### Provided entries
■ ■ ■ ■
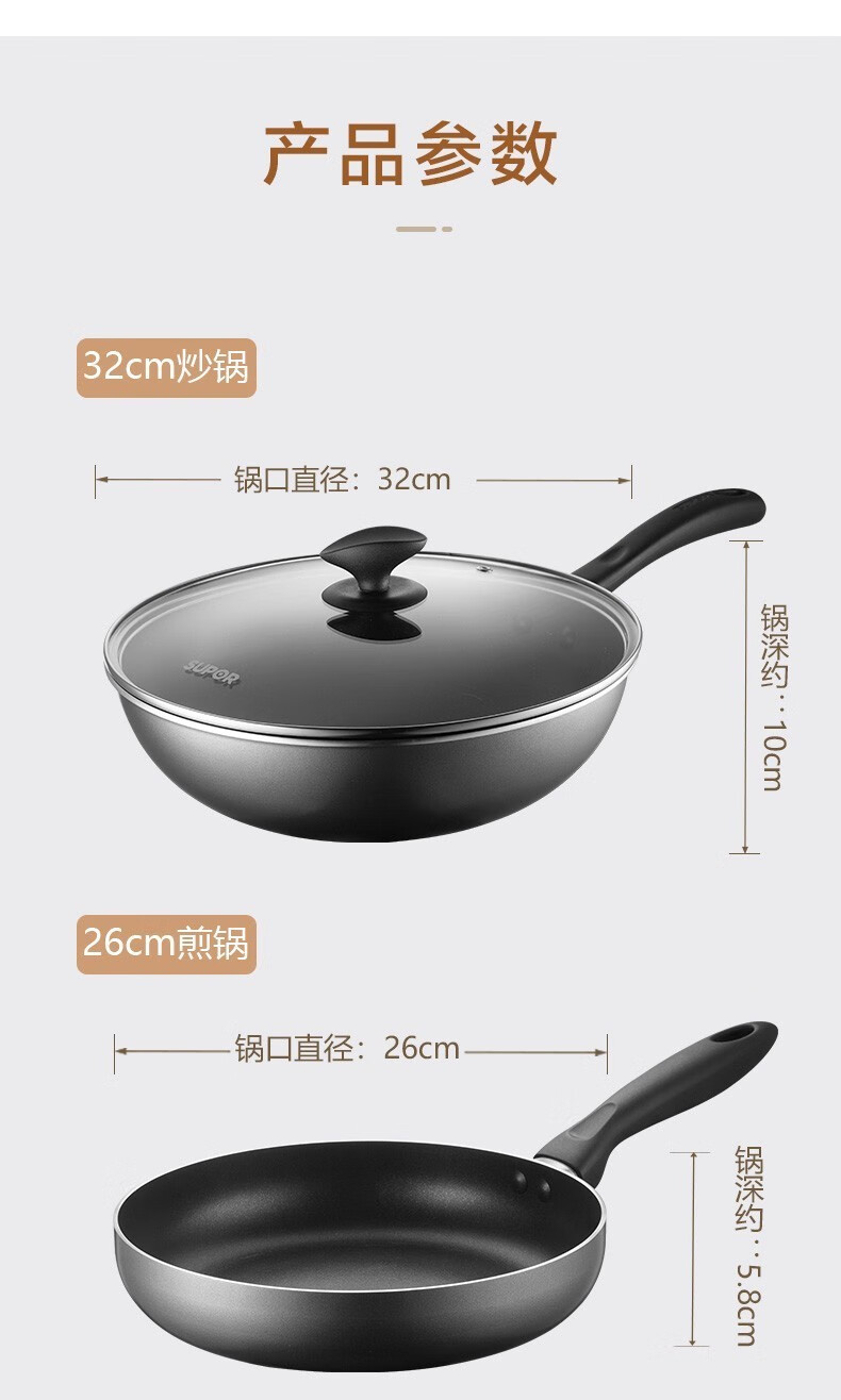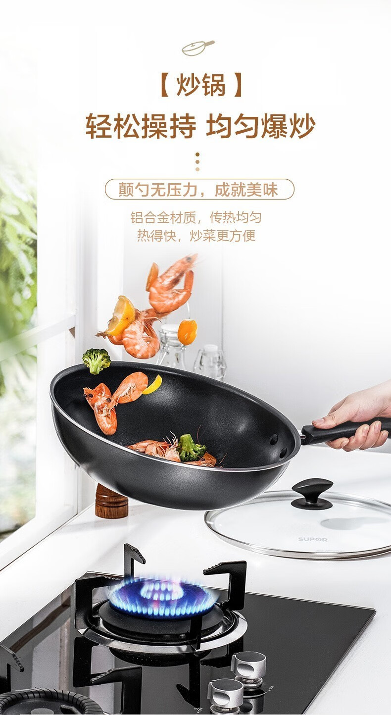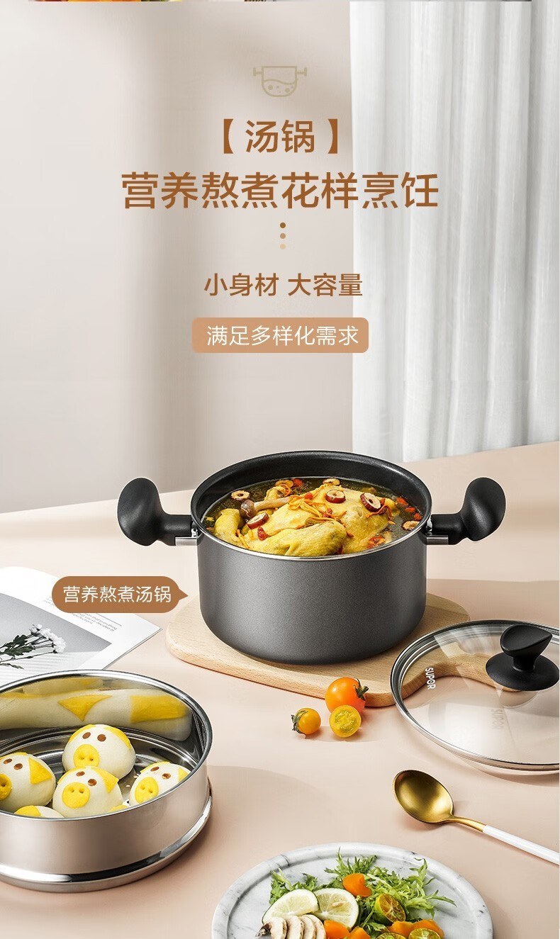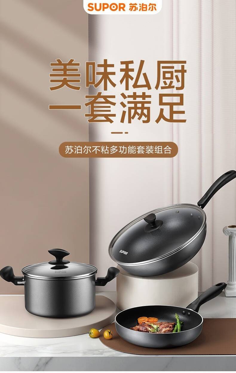 商品名称:苏泊尔(SUPOR)不粘炒锅无烟厨房全锅具套装组合平底锅汤锅煎锅燃气电磁炉通用 四件套【炒+煎+汤+蒸】
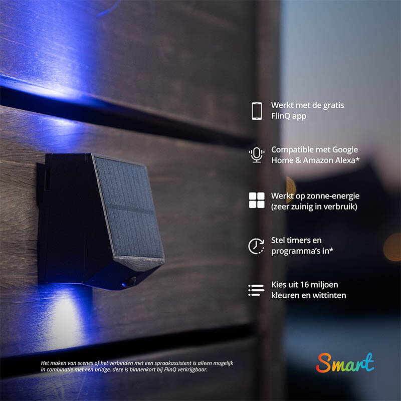 De FlinQ Luxe Solar Wandlamp kun je binnen een minuut koppelen aan de gratis FlinQ app op je telefoon. Deze app is verkrijgbaar voor zowel iOS als Android gebruikers. Na het koppelen krijg je toegang tot tientallen smart functies welke je naar eigen wens kunt instellen.
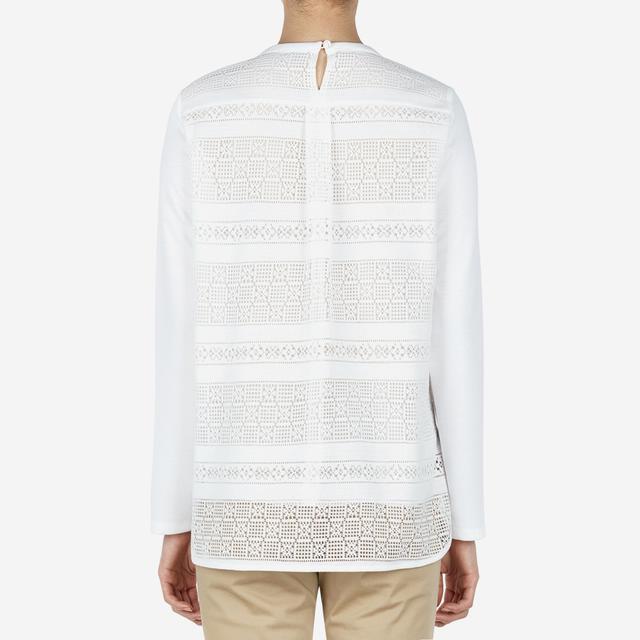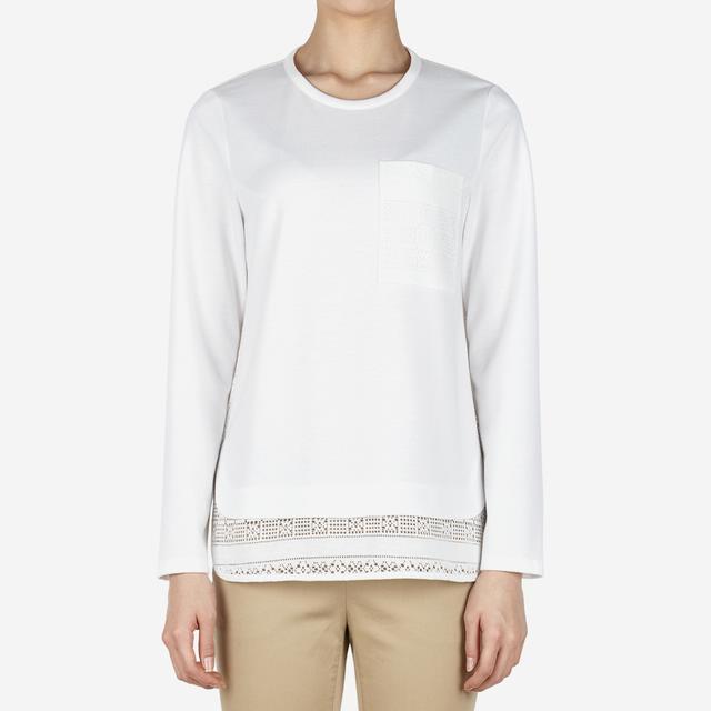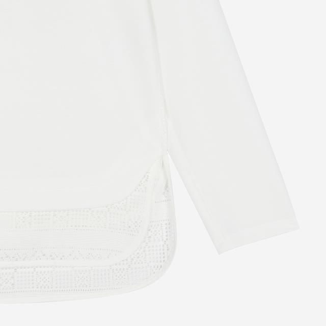 섬세한 짜임의 레이스 니트를 배색하여 여성스러운 느낌을 살린 블라우스입니다.
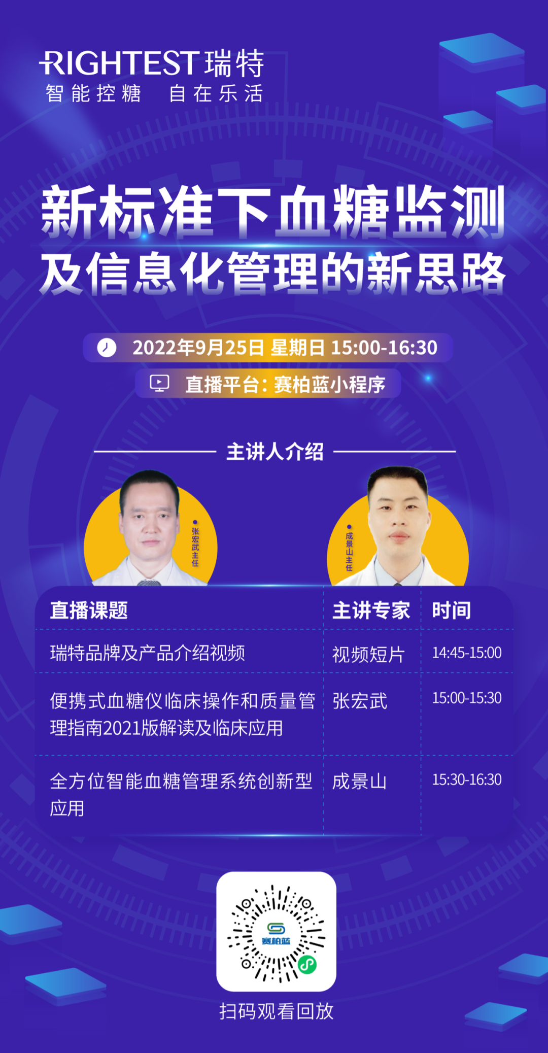 在近日,我們在線召開了一場主題為“新標準下血糖監(jiān)測及信息化管理的新思路”的學術直播會議,特邀深圳市中西醫(yī)結合內分泌科張宏武主任,圍繞新舊版本POCT臨床操作和管理指南的差異和內容重點,就如何實現(xiàn)規(guī)范化、標準化的POCT管理,幫助醫(yī)務工作者提升相關實踐技能分享了自身的心得體會,為提升國內院內POCT質量管理和信息化水平提供了有益借鑒。
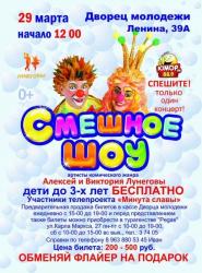 Начало представления: 29 марта в 12.00Парк аттракционов начинает работу с 11.00 в фойе Дворца молодежи.
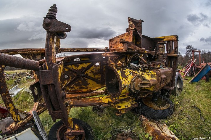 «Помічені з дороги яскраві плями в зелених заростях (незвично зелені, як для осені) змусили мене мало не закричати від радості і попросити водія зупинитися, розвернутися і виїхати на грунтовку. Це ж звалище техніки!», - коментує наведені вище світлини блогер.
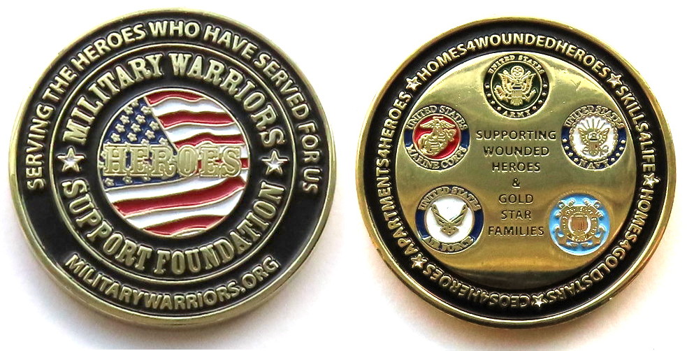 Round shaped coin, brass in color, 1 1/2 inches in diameter. Military Warriors Support Foundation. "Military Warriors Support Foundation is a 501(c)(3) non-profit charity, founded by LTG. Leroy Sisco (Ret), in 2007. Our mission is to provide su... Read More
■ ■ ■ ■
### Exercise directions
For every entry, return its exact wording and leave out any image.

### Response area
 商品名称:苏泊尔(SUPOR)不粘炒锅无烟厨房全锅具套装组合平底锅汤锅煎锅燃气电磁炉通用 四件套【炒+煎+汤+蒸】
 De FlinQ Luxe Solar Wandlamp kun je binnen een minuut koppelen aan de gratis FlinQ app op je telefoon. Deze app is verkrijgbaar voor zowel iOS als Android gebruikers. Na het koppelen krijg je toegang tot tientallen smart functies welke je naar eigen wens kunt instellen.
 섬세한 짜임의 레이스 니트를 배색하여 여성스러운 느낌을 살린 블라우스입니다.
 在近日,我們在線召開了一場主題為“新標準下血糖監(jiān)測及信息化管理的新思路”的學術直播會議,特邀深圳市中西醫(yī)結合內分泌科張宏武主任,圍繞新舊版本POCT臨床操作和管理指南的差異和內容重點,就如何實現(xiàn)規(guī)范化、標準化的POCT管理,幫助醫(yī)務工作者提升相關實踐技能分享了自身的心得體會,為提升國內院內POCT質量管理和信息化水平提供了有益借鑒。
 Начало представления: 29 марта в 12.00Парк аттракционов начинает работу с 11.00 в фойе Дворца молодежи.
 «Помічені з дороги яскраві плями в зелених заростях (незвично зелені, як для осені) змусили мене мало не закричати від радості і попросити водія зупинитися, розвернутися і виїхати на грунтовку. Це ж звалище техніки!», - коментує наведені вище світлини блогер.
 Round shaped coin, brass in color, 1 1/2 inches in diameter. Military Warriors Support Foundation. "Military Warriors Support Foundation is a 501(c)(3) non-profit charity, founded by LTG. Leroy Sisco (Ret), in 2007. Our mission is to provide su... Read More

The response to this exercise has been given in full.